OSCAR Functions Reference
This page provides detailed documentation for all OSCAR bash scripts.
01_process_metadata.sh
Description: This script processes the metadata file for a given project. It reads the metadata file, determines the run type, and creates index files for each library based on the metadata.
Inputs:
--project-id: The project ID--dir-prefix: The directory prefix (default:${HOME}/scratch/ngs)--metadata-file-name: The metadata file name (default:metadata.csv)
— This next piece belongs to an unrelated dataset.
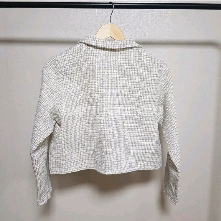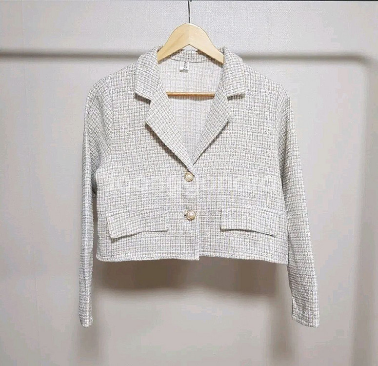 트위드 크롭 자켓 판매해요! 색상은 아이보리입니다. - 봄 가을에 입기 좋아요 - 진주 버튼이 포인트 - 짧은 기장으로 다리가 길어보여요 가슴단면52 기장46 중고특성상 교환,환불은 불가합니다 신중하게 구매결정하시고 연락부탁드립니다🙏

Outputs: Index files for each library in the indices folder
Example:
bash 01_process_metadata.sh \
--project-id MY_PROJECT \
--dir-prefix ${HOME}/scratch/ngs \
--metadata-file-name metadata.csv
02_fastq.sh
Description: This script performs FASTQ demultiplexing for a given project. It uses the index files created by 01_process_metadata.sh to run the cellranger command and generate FASTQ files.
Inputs:
--project-id: The project ID--dir-prefix: The directory prefix (default:${HOME}/scratch/ngs)--metadata-file-name: The metadata file name (default:metadata.csv)
Outputs: FASTQ files and quality control reports in the fastq folder
Example:
03_process_libraries.sh
Description: This script processes the libraries for a given project. It reads the metadata file, determines the run type, and handles different modes (GEX or ATAC) to prepare the libraries for counting.
Inputs:
--project-id: The project ID--dir-prefix: The directory prefix (default:${HOME}/scratch/ngs)--gene-expression-options: Options for gene expression processing (comma-separated)--vdj-options: Options for VDJ processing (comma-separated)--adt-options: Options for ADT processing (comma-separated)--metadata-file-name: The metadata file name (default:metadata.csv)
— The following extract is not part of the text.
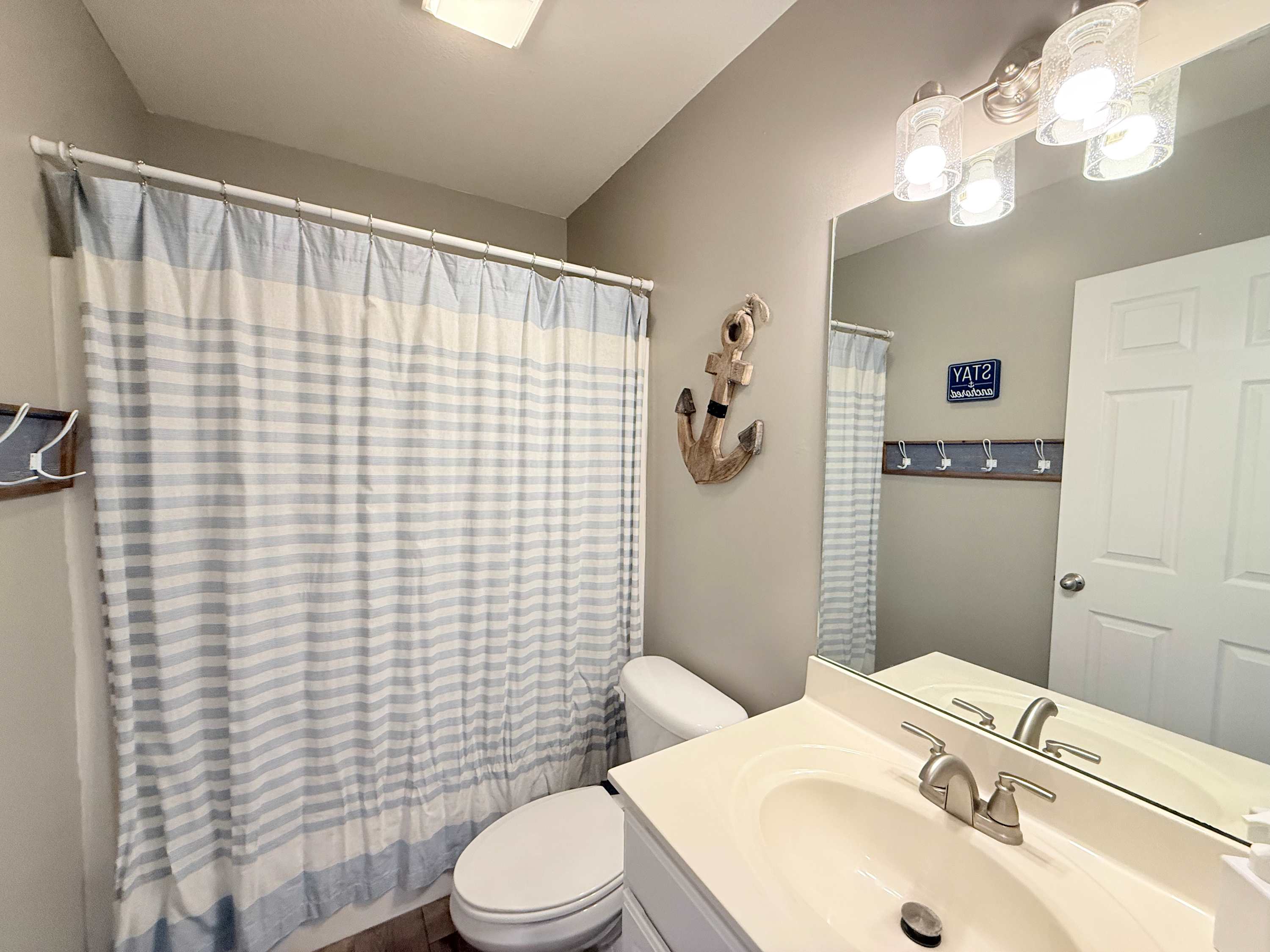 This home also includes an additional full guest bathroom with a single vanity and a shower/tub combo.

Outputs: Prepared libraries for counting in the libraries folder
Example:
bash 03_process_libraries.sh \
--project-id MY_PROJECT \
--dir-prefix ${HOME}/scratch/ngs \
--gene-expression-options "expect-cells=10000"
04_count.sh
Description: This script submits counting jobs for each library in a given project. It reads the library files, determines the run type, and submits the appropriate counting jobs to SLURM.
Inputs:
--project-id: The project ID--dir-prefix: The directory prefix (default:${HOME}/scratch/ngs)--metadata-file-name: The metadata file name (default:metadata.csv)
Outputs: Counting job submissions and logs in the outs folder
Example:
05_quality_control.sh
Description: This script performs quality control for a given project. It checks the necessary OSCAR containers, submits jobs for ambient RNA removal, genotyping, and other quality control tasks.
Inputs:
--project-id: The project ID--dir-prefix: The directory prefix (default:${HOME}/scratch/ngs)--metadata-file-name: The metadata file name (default:metadata.csv)
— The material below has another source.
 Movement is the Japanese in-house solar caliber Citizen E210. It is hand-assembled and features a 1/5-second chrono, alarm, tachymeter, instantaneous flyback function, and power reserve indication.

Outputs: Quality control job submissions and logs in the outs folder
Example:
Common Options
All scripts support the following common options:
| Option | Description | Default |
|---|---|---|
--project-id |
Unique identifier for your project | Required |
--dir-prefix |
Base directory for analysis | ${HOME}/scratch/ngs |
--metadata-file-name |
Name of metadata CSV file | metadata.csv |
Workflow Order
The scripts should be run in numerical order:
- 01_process_metadata.sh - Parse metadata and create index files
- 02_fastq.sh - Demultiplex and generate FASTQ files
- 03_process_libraries.sh - Prepare libraries for counting
- 04_count.sh - Run counting (Cell Ranger/Kallisto)
- 05_quality_control.sh - Perform QC and filtering
Tips
Parallel Processing
Most scripts can handle multiple libraries automatically and submit parallel jobs to SLURM.
Check Logs
Always check log files in the logs/ directory for any errors or warnings.
Resuming Failed Jobs
If a job fails, you can typically re-run just that step without starting over.